Below are lines of data, and only some are wanted. Please repeat exactly those from the line that has "図5 反射鏡付き直流点灯型メタルハライドランプの構造例" through the line that has "3D view of initial".

(RECORD EXCERPTS):
* * *

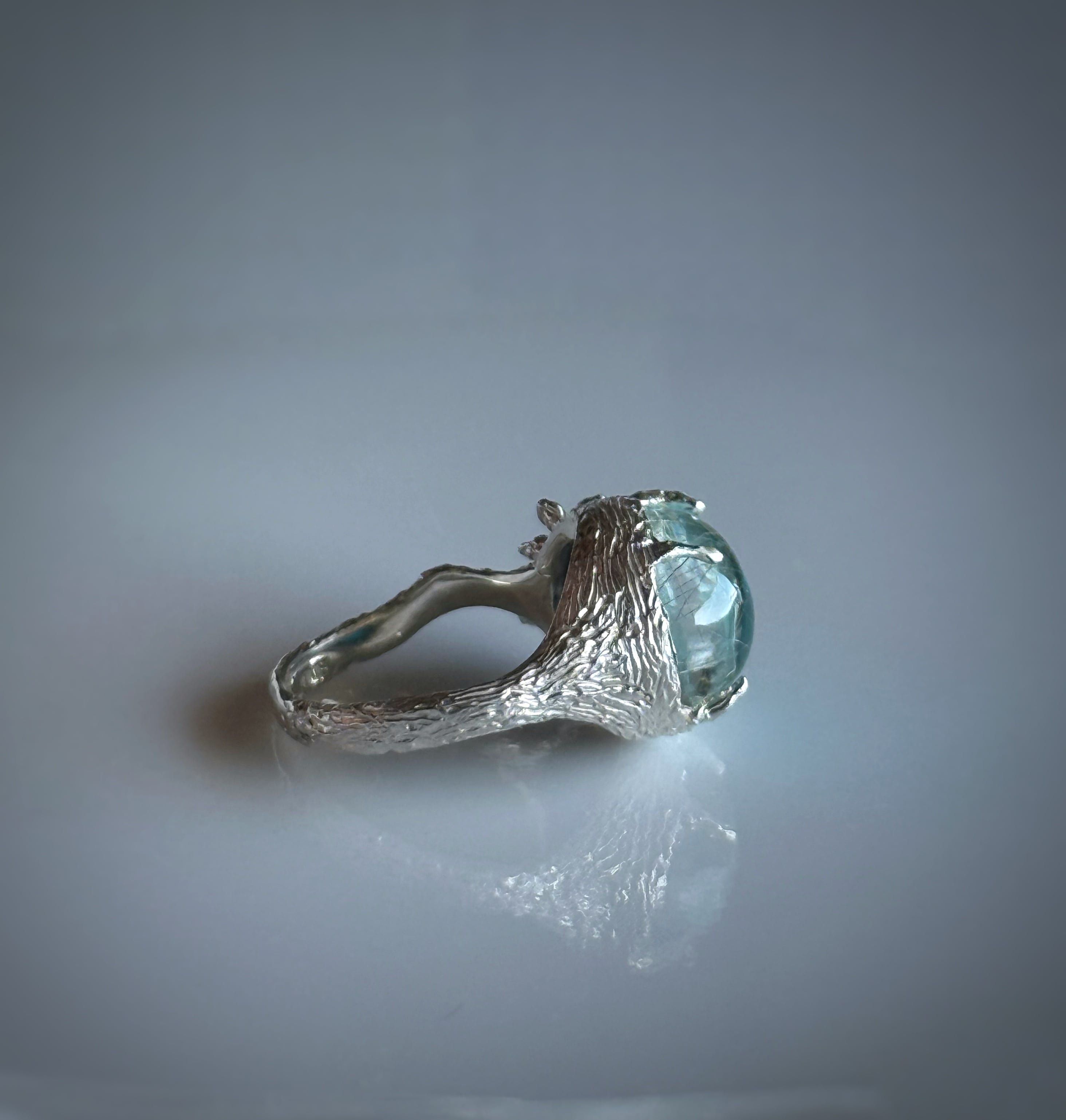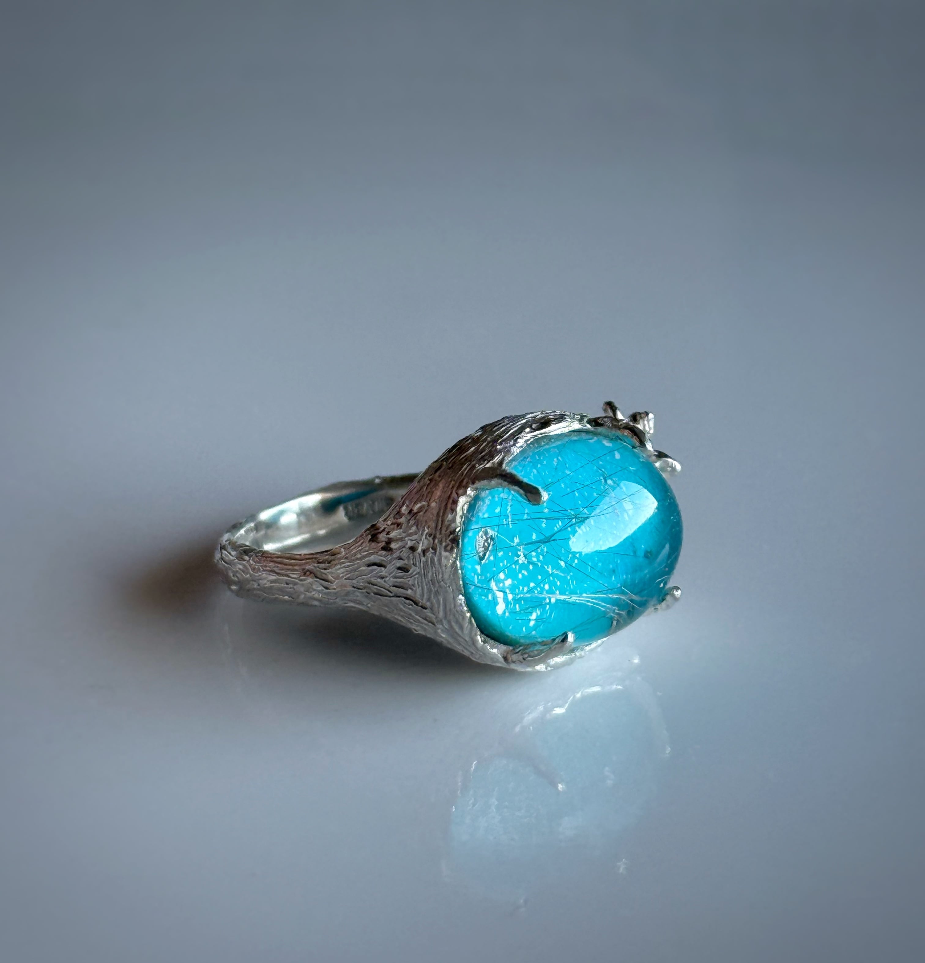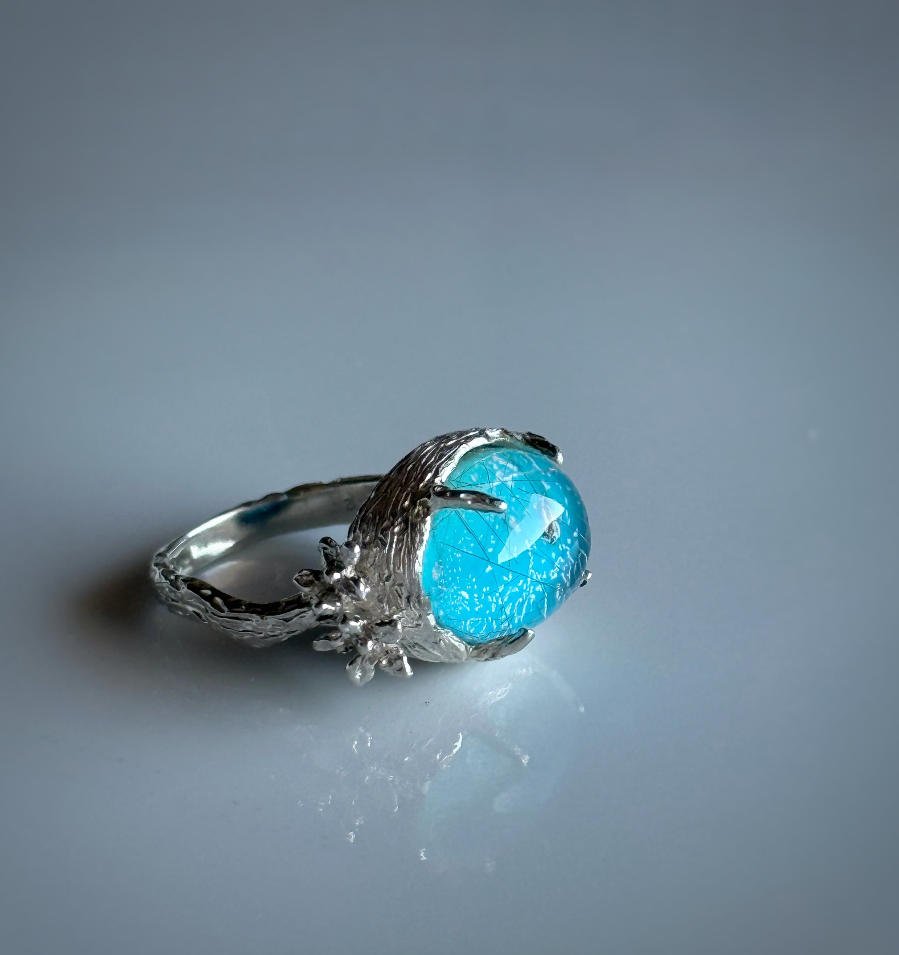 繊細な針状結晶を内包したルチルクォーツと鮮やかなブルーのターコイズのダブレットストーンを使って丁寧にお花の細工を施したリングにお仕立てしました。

* * *

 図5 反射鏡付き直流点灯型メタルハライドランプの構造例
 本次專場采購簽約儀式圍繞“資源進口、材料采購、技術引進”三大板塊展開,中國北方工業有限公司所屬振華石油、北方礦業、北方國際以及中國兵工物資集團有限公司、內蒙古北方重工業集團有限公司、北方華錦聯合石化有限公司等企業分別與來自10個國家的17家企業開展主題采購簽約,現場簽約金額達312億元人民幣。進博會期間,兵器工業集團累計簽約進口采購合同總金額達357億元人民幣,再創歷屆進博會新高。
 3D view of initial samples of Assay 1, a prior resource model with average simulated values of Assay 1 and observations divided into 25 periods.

* * *

(OUTPUT FOR THIS EXERCISE):
 図5 反射鏡付き直流点灯型メタルハライドランプの構造例
 本次專場采購簽約儀式圍繞“資源進口、材料采購、技術引進”三大板塊展開,中國北方工業有限公司所屬振華石油、北方礦業、北方國際以及中國兵工物資集團有限公司、內蒙古北方重工業集團有限公司、北方華錦聯合石化有限公司等企業分別與來自10個國家的17家企業開展主題采購簽約,現場簽約金額達312億元人民幣。進博會期間,兵器工業集團累計簽約進口采購合同總金額達357億元人民幣,再創歷屆進博會新高。
 3D view of initial samples of Assay 1, a prior resource model with average simulated values of Assay 1 and observations divided into 25 periods.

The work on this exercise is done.